In this paper, we present EFA-Net, an innovative medical image segmentation network specifically designed for pneumothorax CT segmentation. EFA-Net incorporates EfficientNet as an encoder to extract features and a Feature Alignment (FA) module as a decoder to align feature maps of different sizes. Our method outperforms six state-of-the-art networks in segmentation performance, while exhibiting a lower number of parameters and FLOPs. Specifically, EFA-Net achieves a Dice coefficient of 90.03%, an IOU of 81.80%, and a sensitivity of 88.94% on our dataset. Notably, the network attains significantly lower FLOPs (1.549G) and parameters (0.432M), which in theory leads to better robustness and facilitates easier deployment when applied²⁷.

Despite its advantages, there are still some limitations to our method, such as occasional missegmentation when the pixel intensity of the mass is close to the background and a dependency on manually labeled samples for training and the proposed EFA-Net was only tested on the pneumothorax CT dataset, and its generalizability to other medical image segmentation tasks remains to be investigated.

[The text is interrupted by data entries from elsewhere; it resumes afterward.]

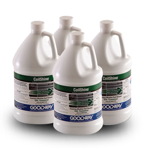 El limpiador de serpentines CoilShine de la marca Goodway es no-ácido, biodegradable y diseñado para penetrar y desengrasar hasta los serpentines más sucios, asegurando un ambiente más saludable para todos y manteniendo sus sistemas funcionando al máximo de su capacidad, evitando paros inesperados.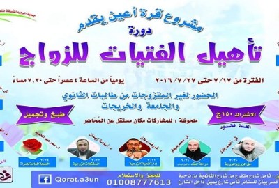 وبالرجوع إلى الصفحة الخاصة بالمؤسسة المنظمة للدورة وجدنا أنها لم تعد موجودة، وبالبحث على موقع “الفيس بوك” عثرنا على إعلانات سابقة لنفس الدورة وأنها ليست الأولى لهذه المؤسسة إنما تم نشر إعلان آخر لنفس المؤسسة يرجع تاريخه إلى يوليو 2016 وإعلان آخر عن دورة أخرى لتأهيل الشباب للزواج بتاريخ أغسطس 2016 جاء تنظيمها بناء على طلبات الجماهير “طبقا لكلام المعلن”!! ولا نعلم هل تمت الدورة أم تم إلغائها.
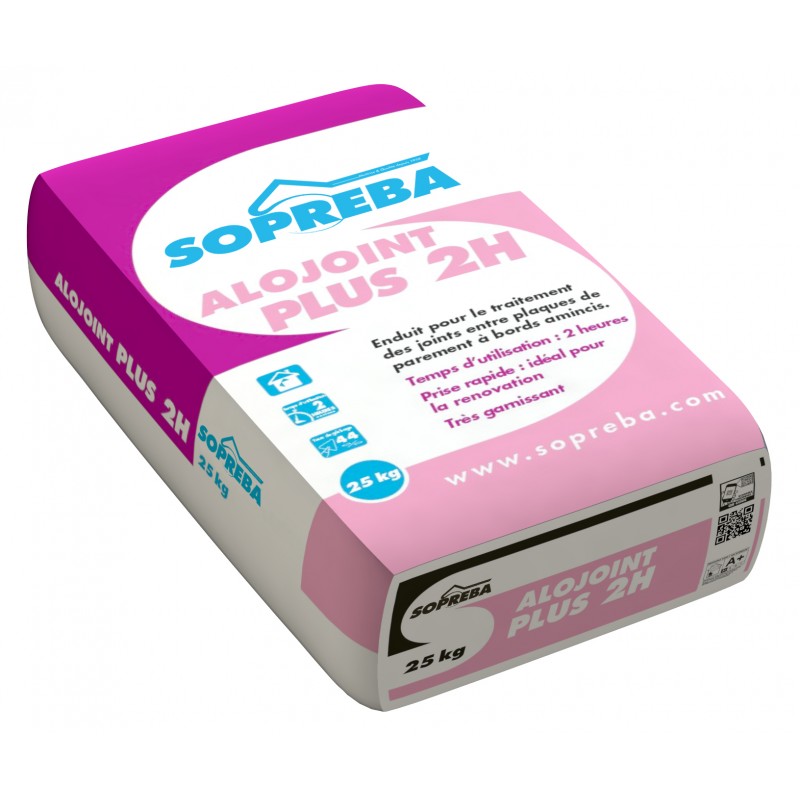ALOJOINT PLUS 2 HEURES est un enduit prise très rapide en poudre pour la réalisation des joints entre plaques de plâtre. Il permet une deuxième passe environ deux heures après application.
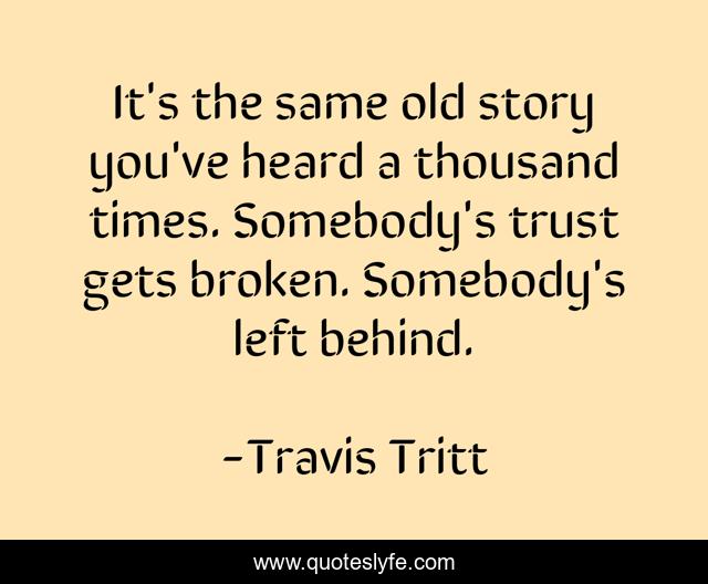 This page presents the quote "It's the same old story you've heard a thousand times. Somebody's trust gets broken. Somebody's left behind.". Author of this quote is Travis Tritt. This quote is about broken, story,.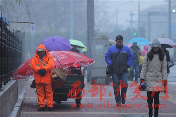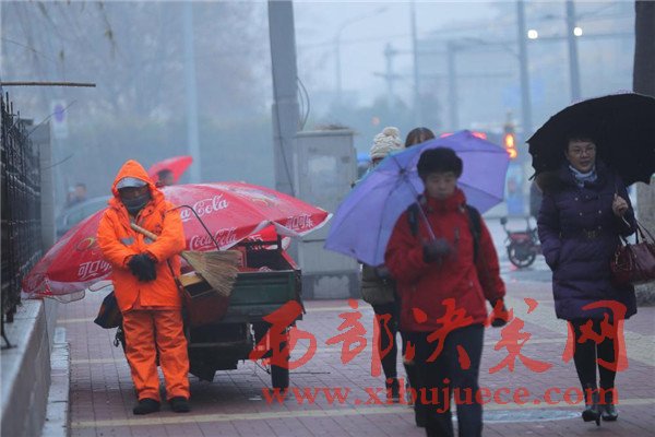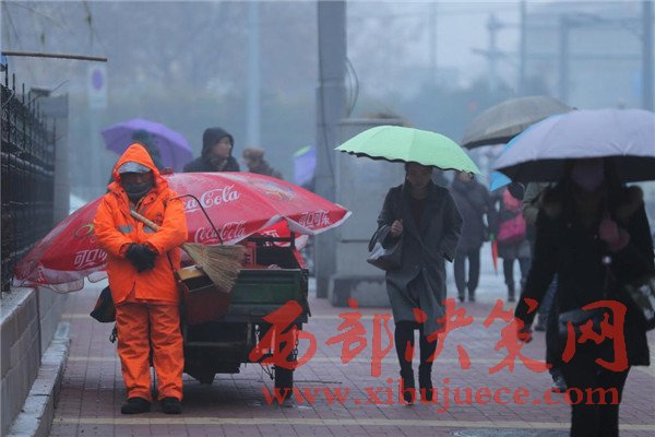 2016年12月26日一早,山東濟南,天空中飄著細細的雪花,一位環(huán)衛(wèi)工人靠在路邊站著睡著了,記者看到,這名環(huán)衛(wèi)工人還懷抱掃把和簸。

Recognizing EFA-Net’s potential for future advancements in medical image segmentation, we highlight semantic seg-mentation as the downstream deep learning task. Upon achieving a high level of accuracy in segmentation, EFA-Net can provide valuable insights, such as accurate segmented masks for pneumothorax species classification²⁸, and enable the auto-matic calculation of a patient’s lung compression ratio end-to-end. This capability offers robust evidence to support clinical decision-making, including determining whether a patient requires a puncture surgery. As part of our future work, we aim to integrate these valuable downstream applications into the existing framework, ultimately enhancing EFA-Net’s utility for clinicians and patients in real-world diagnostic scenarios.

To address the limitations and extend EFA-Net’s applicability to other medical image segmentation tasks, we propose several research directions. One possible approach to overcome the missegmentation issue is to investigate the incorporation of additional context-aware features, such as attention mechanisms²⁹ or multi-scale feature fusion³⁰. These techniques can potentially help the model better differentiate between masses and background, leading to more accurate segmentation.

Another challenge is the reliance on manually labeled samples for training. To mitigate this, we suggest exploring semi-supervised or unsupervised learning methods for studying pneumothorax and other chest diseases in combination³¹. Leveraging a mix of labeled and unlabeled data can reduce the dependency on manual annotations. Transfer learning could also be considered as an alternative to improve generalizability³². By training the model on related medical image segmentation tasks, it might be possible to develop a more versatile medical model that can be fine-tuned for various applications. Moreover, incorporating domain adaptation techniques could be valuable in addressing dataset bias and improving the model’s performance on different medical imaging modalities³³.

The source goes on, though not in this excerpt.